— What you have to do —
Exactly as they stand, copy the lines from the one containing "Ürək dizaynlı ağ mirvari üzükStokda yoxdur" to the final line of the data; leave out the pictures.

________

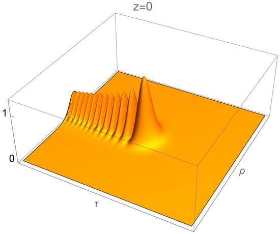 This is a finite-energy accelerating Airy–Gaussian wave packet. Figure 3 shows the intensity versus and at for . Figure 4 shows surface plots of the modulus of the azimuthally symmetric wave packet versus and for three values of .
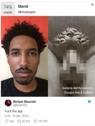 Но случаются и курьезы. Пользователю с именем biniambiz немного не повезло. Молодой человек, по мнению искусственного интеллекта, подбирающего двойников, на целых 74% оказался похож на фрагмент великого творения Микеланджело — половой орган скульптуры Давида.
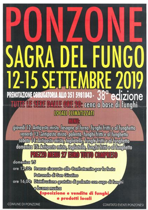 La Sagra del Fungo a Ponzone si svolge dal 12 al 15 settembre 2019.
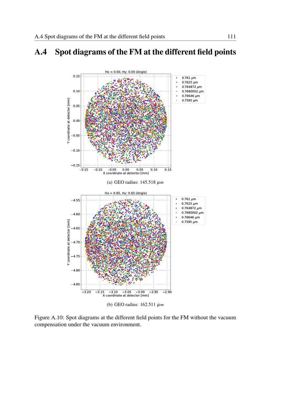 Spot diagrams of the FM at the different field points
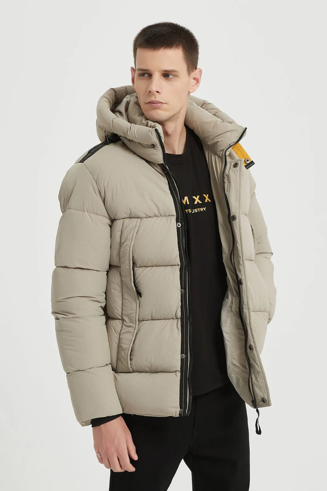 Heren Gewatteerde Pufferjas met Capuchon beige
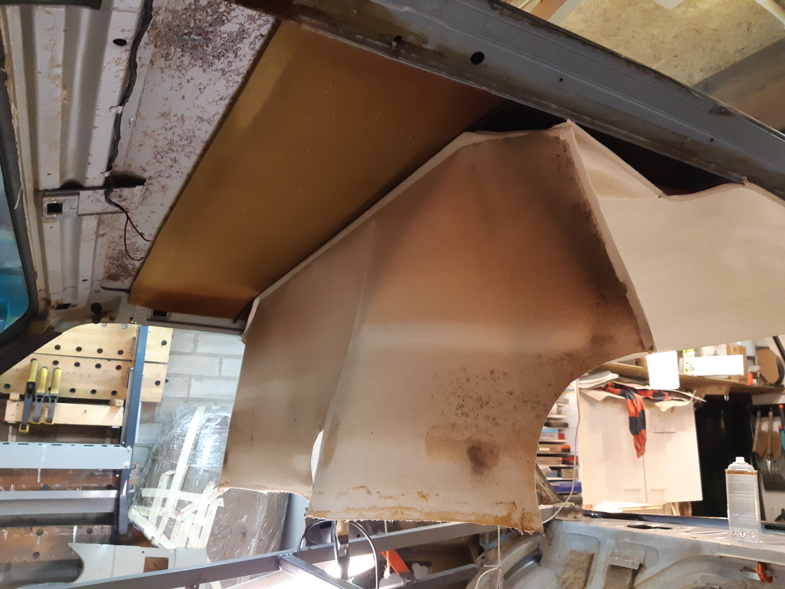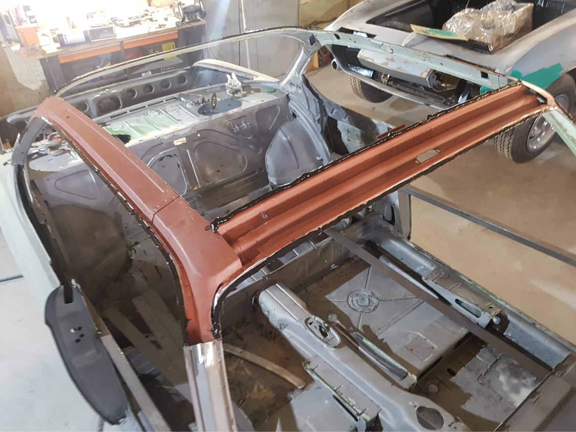 The factory did rust protection only to the areas, where they could reach any surface after the roofskin was attached to the car allready. So really ZERO rustprotection on the top surfaces of the frame and ZERO rustprotection on the underside of the skin. In between they applied some foam as bearing, that was collecting humidity as hell. So this construction ended up in a perfect playground for our old brown friend ....
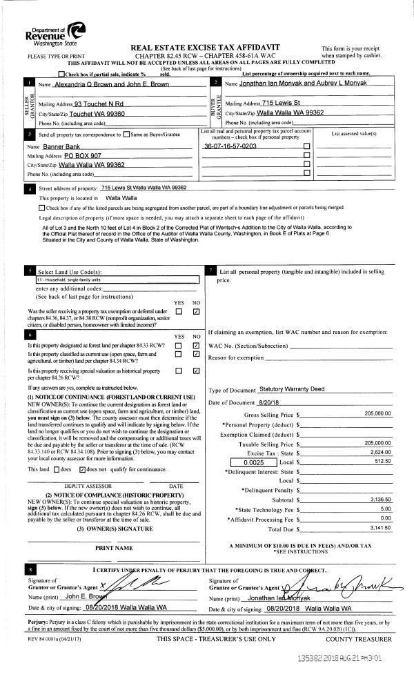 | 1 | 08/21/2018 | SWD | STATUTORY WARRANTY DEED | ZEHNER ALEXANDRIA | MONYAK JONATHON IAN & AUBREY L | | | $205,000.00 | 135382 | 2018-06905 |
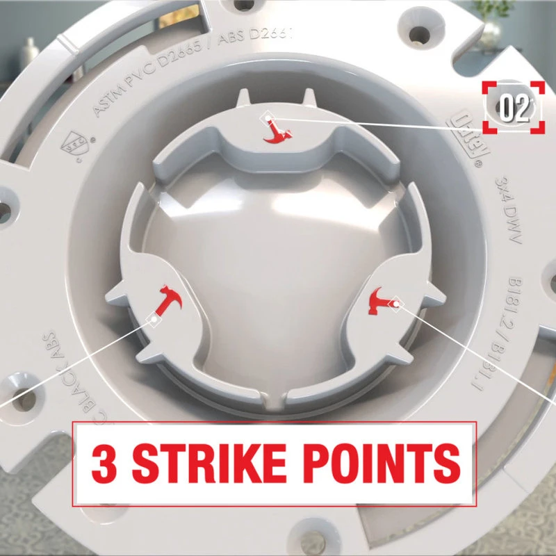 - Cleanbreak test cap minimizes knockout fall through and doesn’t shatter down the drain pipe
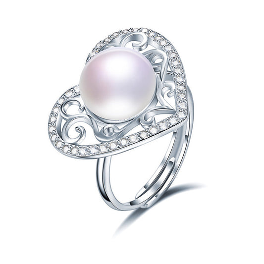 Ürək dizaynlı ağ mirvari üzükStokda yoxdur
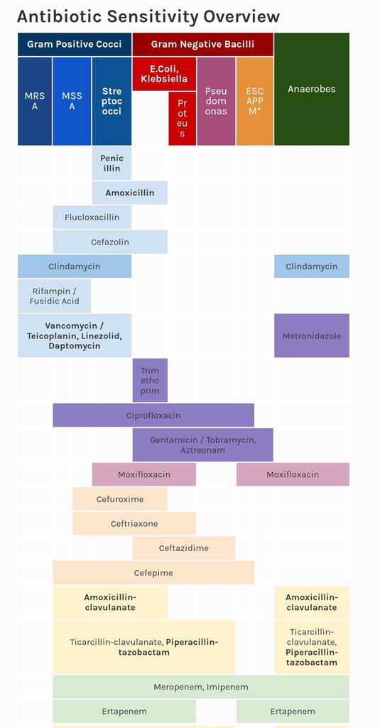 Beberapa contoh antibiotik yang dapat digunakan untuk mengobati infeksi yang disebabkan oleh kokus gram positif adalah penisilin, sefalosporin, makrolida, dan vankomisin. Beberapa contoh antibiotik yang dapat digunakan untuk mengobati infeksi yang disebabkan oleh kokus gram negatif adalah aminoglikosida, fluorokuinolon, karbapenem, dan sulfonamida. Beberapa contoh antibiotik yang dapat digunakan untuk mengobati infeksi yang disebabkan oleh bakteri anaerob adalah metronidazol, klindamisin, dan tinidazol.

________

— Response to this exercise —
 Ürək dizaynlı ağ mirvari üzükStokda yoxdur
 Beberapa contoh antibiotik yang dapat digunakan untuk mengobati infeksi yang disebabkan oleh kokus gram positif adalah penisilin, sefalosporin, makrolida, dan vankomisin. Beberapa contoh antibiotik yang dapat digunakan untuk mengobati infeksi yang disebabkan oleh kokus gram negatif adalah aminoglikosida, fluorokuinolon, karbapenem, dan sulfonamida. Beberapa contoh antibiotik yang dapat digunakan untuk mengobati infeksi yang disebabkan oleh bakteri anaerob adalah metronidazol, klindamisin, dan tinidazol.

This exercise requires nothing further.